Cuma, Ocak 13, 2012

yani sen elmayı seviyorsun diye...

Nazım "Tahir'le Zühre Meselesi"nde "yani sen elmayı seviyorsun diye, elmanın da seni sevmesi şart mı?" diye sorarken safi aşkın karşılıklığından bahsediyor demek yanlış sanırım. O her şeyden önce bir komünist ve dolayısıyla kolektivistti. Yani emeğin karşılığını şu satırları okuyan çoğunuzdan daha iyi biliyordu, şairlik yaparak hayatını devam ettirmeye çalışmasına rağmen.
Karşılık en basit anlamıyla cevap demek. Sorduğumuz sorulara bile cevap alamamak insanı ne tür bir ruhsal "iğrençliğe" sürüklüyor, bir düşünün hele. Bazen kendi sorduğumuz soruya bile cevap veremeyecek durumda olmak misal...
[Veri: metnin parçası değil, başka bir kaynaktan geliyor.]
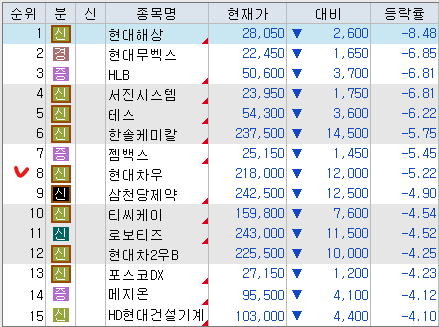 한편, CES가 후반부에 접어들자 자동차와 로봇주가 차익실현 매물이 출회되며 하락
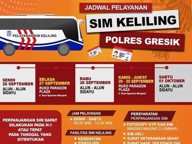 Rabu 27 September 2022 ini, Mobil SIM Keliling Gresik bakal mangkal di Ruko Paragon Plaza di Jalan Raya Ngasinan, Menganti.
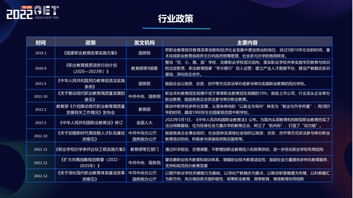 二十大報(bào)告里面對(duì)教育領(lǐng)域的發(fā)展也提出了明確的目標(biāo),就是要建成教育強(qiáng)國(guó)、科技強(qiáng)國(guó)、人才強(qiáng)國(guó)、文化強(qiáng)國(guó)等,尤其在教育、科技、人才方面,這都是跟我們行業(yè)息息相關(guān)的,也是我們行業(yè)機(jī)構(gòu)在業(yè)務(wù)布局和企業(yè)經(jīng)營(yíng)方面需要重點(diǎn)關(guān)注的方向。
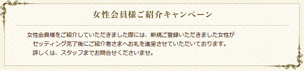 シャルム東京では、女性会員の紹介キャンペーンをおこなっています。
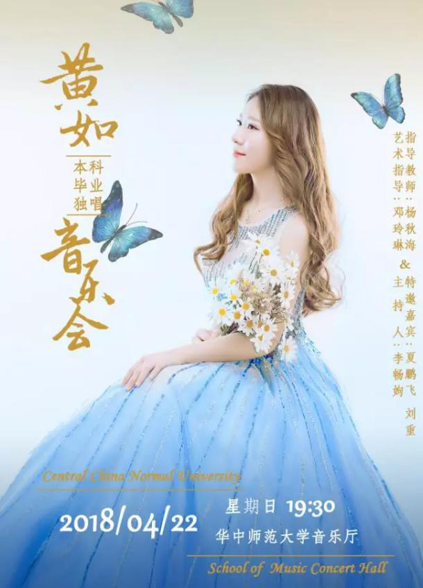 黄如,主修声乐和二胡。多次获得“国家奖学金”、“校三好学生”、“优秀共青团员”等众多荣誉。她曾获得过第十六届全国大学生英语竞赛特等奖、英语演讲比赛三等奖的好成绩以及各类器乐、声乐大赛的大奖。与此同时,黄如辅修了外国语言文学,还担任过班长和学院团委学生会的组织部部长,也是“Tiankong”合唱团和华中师范大学“博雅计划”的成员。

Hal böyleyken bi de duygularınızla sorduğunuzu sandığınız sorulara alamadığınız cevaplar adamı öldürür elbet. Yine sadece aşktan bahsetmiyorum, arkadaşlık,dostluk,kardeşlik vs. vs. diye uzar gider bu. Birisine çok değer vermeniz sadece duygularınızla alakalı değildir, onun size vereceği karşılık da öyle. Eğer karşılık göremezseniz egonuz sarsılır, eğer karşılık görürseniz egonuz tatmin olur. Tabii ki karşılık görmek için önce karşı tarafın egosunu yeterince okşamanız gerekir.Bunlar olduktan sonra, değer verebilirsiniz. Karşı tarafa değil, egolarınızın okşanışına.
 

Eğer buraya kadar bana katlandıysanız,en önce söylemem gereken şeyi söyleyeyim şimdi. Bunu niye yazdım? Bi aydınlanma yaşamadım elbet bir kaç dakikada. Şu an bu sıkıntıları çekmiyorum, aslında şu an çekmediğim için yazabiliyorum. Ama karşılıklılık bağımlığını anlamak için çok kazık yemek gerekiyor sanırım. Eğer okuduklarınıza hak verdiyseniz, çok kazık yemişsiniz demektir.
Şimdi aydınlanabilirsiniz!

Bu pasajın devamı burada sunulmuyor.